Just about everyone in the medical profession is googling. They're usually only doing so for some random, obscure things they don't deal with everyday that they may have forgotten over time, or just to confirm something real quick. But they have the education to understand where to look for the correct answer and whether or not what they're looking at is good information. If you're educated on the material, you'll know when something isn't right. Which is why patients who don't know these things can be so fun.

So it is with Sherpath and other aids. You can ask it questions like, "What are five signs of placental abruption?" And it'll pull from the textbooks.

But when you need human discernment and good human judgement, it can get chaotic. For example, a lot of NCLEX questions (or just nursing in general) can be, "Your patient presents with X problem. What's the first thing you want to do?" Do you give oxygen, fluids, administer a med with a standing order, etc.?

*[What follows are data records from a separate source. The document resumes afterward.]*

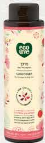
מרכך 500 מ"ל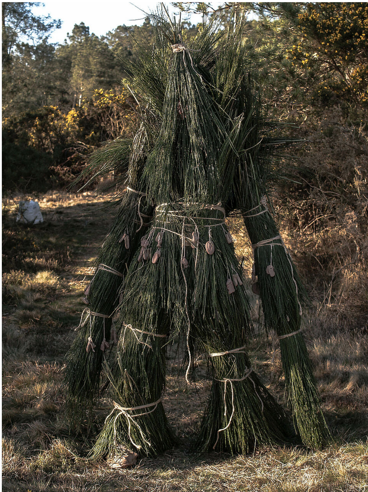
Costume de performance de Mérovée Dubois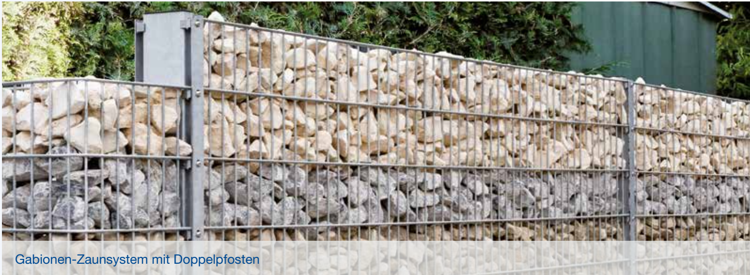
Gabionen-Zaunsystem mit Doppelpfosten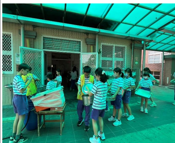
說明：六年丙班環保志工若發現班級剩食量過多時，會報告學務處老師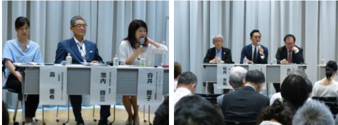
パネルディスカッション2

And that's when the side-eyeing starts to happen. I'll be looking at the answer AI is giving and going, "This doesn't seem right." Students don't yet have that ability to know if they're looking at the right answer. But the number of students who will just accept a wrong answer unquestioningly is . . . a lot more than you'd hope for.

If AI is going to be a thing in education, it feels like schools need to consider giving a semester long course on how to use it in a way that generates the correct answer and gives them the tools to recognize that it is the correct answer. Like courses in research that teach students how to laterally read for proper sources, information, credible citations, bias, etc.

Technology can help a great deal, but at the end of the day, the human education and judgement has to be there to make the final call. And that is not as much a component of all this as you'd want. Particularly when teaching people in healthcare.